(LISTED ENTRIES)
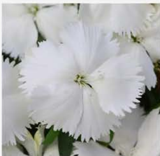
DIANTHUS CORONET WHITE

Romantic day and night. This mixture begins with a bright solid White Dianthus, blends into a romantic mixture of Burgundy/Rose, Yellow and White Pansy and tiers up to Sonnet Burgundy Snapdragons. The optional accent of Flowering Kale is a nice addition in clusters or on sides of plantings to add some extra texture.
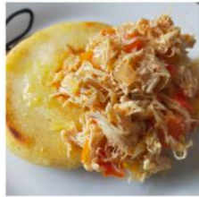
Year 9 World cuisine homework
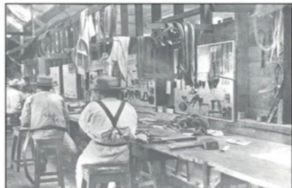
Boot makers' and saddlers' shop

In this tidy and organised boot-makers' and saddlers' shop the prisoners faced back to the camera. Prisoners were never photographed 'face on' This photo taken in 1912
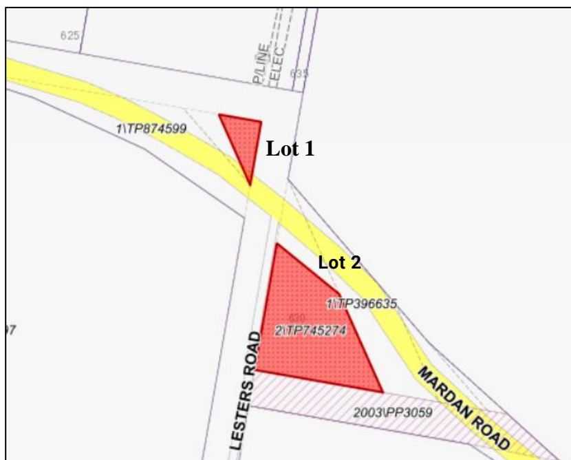
Figure 1 – 630 Mardan Road (Lot 1 and 2 TP745274)

No. 630 Mardan Road Koorooman is currently in one certificate of title volume 3403 folio 496 that includes two allotments (refer to ref shading in Figure 1 below) being Lot 1 TP745274 situated on the northern side of Mardan Road and Lot 2 TP745274 on the southern side of Mardan Road. It is the southern allotment that is proposed for sale – refer to Figure 1 .
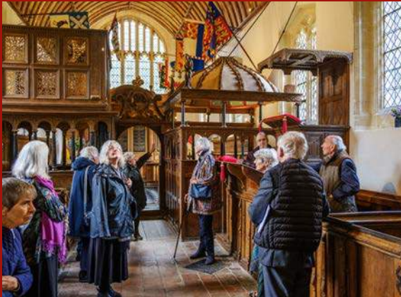
Members of the Trust being shown the interior of the 15C chapel at Rycote with its finely carved early 17C stalls
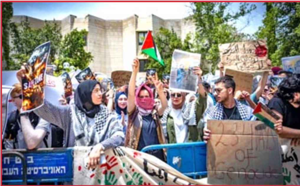
Hebrew University, Jerusalem, May 2024

THE INTERNATIONAL COMMUNIST WORKERS' PARTY ★ WWW.ICWPREDFLAG.ORG
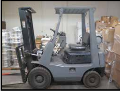
Toyota F3 2200 Lb Cap LPG Forklift
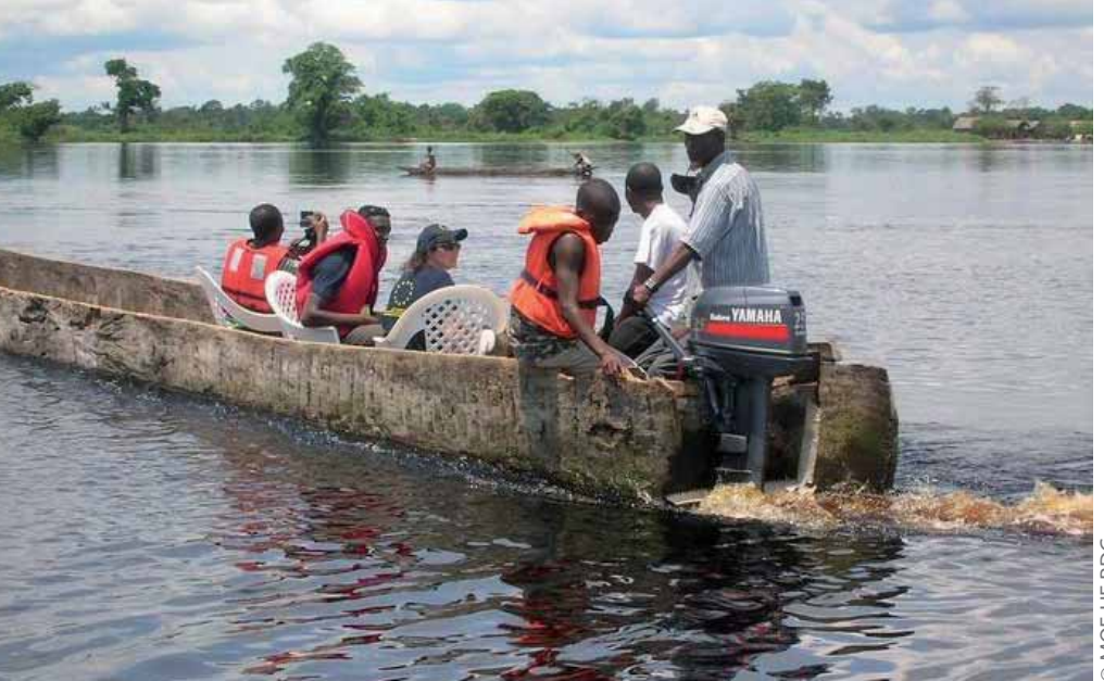
The Election Observation Mission (EU EOM) in the DRC — European observers travelling to a polling station — Mbandaka on the River Congo
(End LISTED ENTRIES)
> TASK DIRECTIONS
Starting at the line that contains "THE INTERNATIONAL COMMUNIST" and ending with the last line of the data, transcribe every line exactly; skip the pictures.

> REPLY
THE INTERNATIONAL COMMUNIST WORKERS' PARTY ★ WWW.ICWPREDFLAG.ORG
Toyota F3 2200 Lb Cap LPG Forklift
The Election Observation Mission (EU EOM) in the DRC — European observers travelling to a polling station — Mbandaka on the River Congo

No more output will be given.